Topic: Keyed Hashing and Data Authentication

            Figure 1: A sample script using hmac

Figure 2: Alice verifies Bob’s identity with a shared key and an HMAC function

            Figure 3: A Python script that simulates the above scenario

            Figure 4: Examples of using json.dumps( ) and json.loads()

 

Figure 1: A sample script using hmac

import hashlib

import hmac

# reference: https://docs.python.org/3/library/hmac.html

 

msg1 = 'message'

print("\nhmac using sha256 ...........")

hmac_sha256 = hmac.new(key=b'key1', msg=msg1.encode(), digestmod=hashlib.sha256)

#A string must be encoded first before hashing.

 

print("original mesg: ", msg1)

print("mac produced by digest(): ", hmac_sha256.digest())

print("mac produced by hexdigest(): ", hmac_sha256.hexdigest())

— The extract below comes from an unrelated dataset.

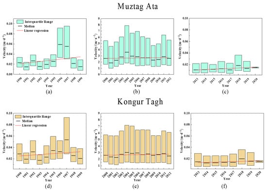 Figure 5 shows the median, quartile difference, and trend of glacier velocity in the Muztag-Kongur Mountains []. The median and quartiles provide information on the distribution and trends of glacier velocity. The glacier velocity in the Muztag and Kongur Mountains accelerated from 1990 to 1999 (the average increase was 4.79% and 6.35%, respectively). However, the glacier velocity showed a slight acceleration from 2000 to 2012 (the average increase was 1.44% and 0.87%, respectively). Interestingly, the glacier velocity accelerated rapidly from 2013 to 2020 (the average increase was 7.78% and 2.5%, respectively).
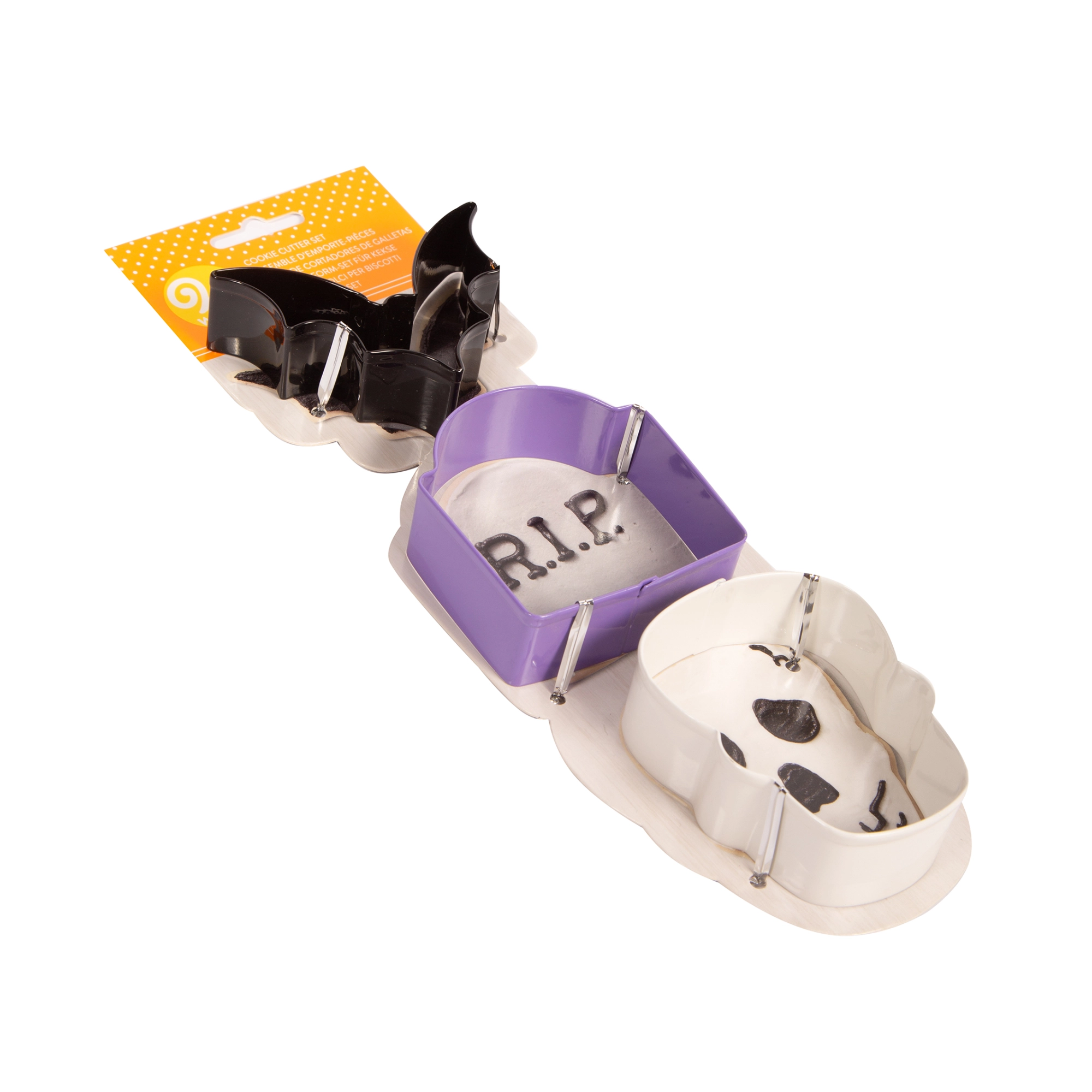 Φτιάξτε τα πιο τρομακτικά και διασκεδαστικά μπισκότα με το σετ μεταλλικών κουπάτ Wilton που περιλαμβάνει Νυχτερίδα, Ταφόπλακα και Κρανίο. Το ιδανικό σετ για Halloween δημιουργίες, θεματικά πάρτι ή διακοσμητικά γλυκίσματα!

print("size: ", hmac_sha256.digest_size)

 

print("\nhmac using md5 ...........")

hmac_md5 = hmac.new(key=b'key1', msg=msg1.encode(), digestmod=hashlib.md5)

print("original mesg: ", msg1)

print("mac produced by digest(): ", hmac_md5.digest())

print("mac produced by hexdigest(): ", hmac_md5.hexdigest())

print("size: ", hmac_md5.digest_size)

digest1 = hmac_md5.hexdigest()

 

#change the message to msg2

msg2 = "message2"

hmac_sha256.update(msg2.encode())

print("\nhmac using sha256 ...........")

print("new mesg: ", msg2)

print("mac produced by hexdigest(): ", hmac_sha256.hexdigest())

print("size: ", hmac_sha256.digest_size)

 

hmac_md5.update(msg2.encode())

print("\nhmac using md5 ...........")

print("new mesg: ", msg2)

print("mac produced by hexdigest(): ", hmac_md5.hexdigest())

print("size: ", hmac_md5.digest_size)

digest2 = hmac_md5.hexdigest()

digest2b = hmac_md5.hexdigest()

 

#DO NOT compare two hashes using ==; it is subject to timing attack.

#Use compare_digest() instead

if ( hmac.compare_digest(digest1, digest2)):

    print(digest1, "is equal to ", digest2)

else:

    print(digest1, "is NOT equal to ", digest2)

 

if ( hmac.compare_digest(digest2, digest2b)):

    print(digest2, "is equal to ", digest2b)

else:

    print(digest2, "is NOT equal to ", digest2b)

 

Data Authentication using HMAC:

Figure 2: Alice verifies Bob’s identity with a shared key and an HMAC function (Figure 3.3 of the textbook)

CH03_F03_Byrne

 

Figure 3: A Python script that simulates the above scenario

#This script simulates that Bob, the sender, sends a message and

#  the message's hash to Alice, the receiver.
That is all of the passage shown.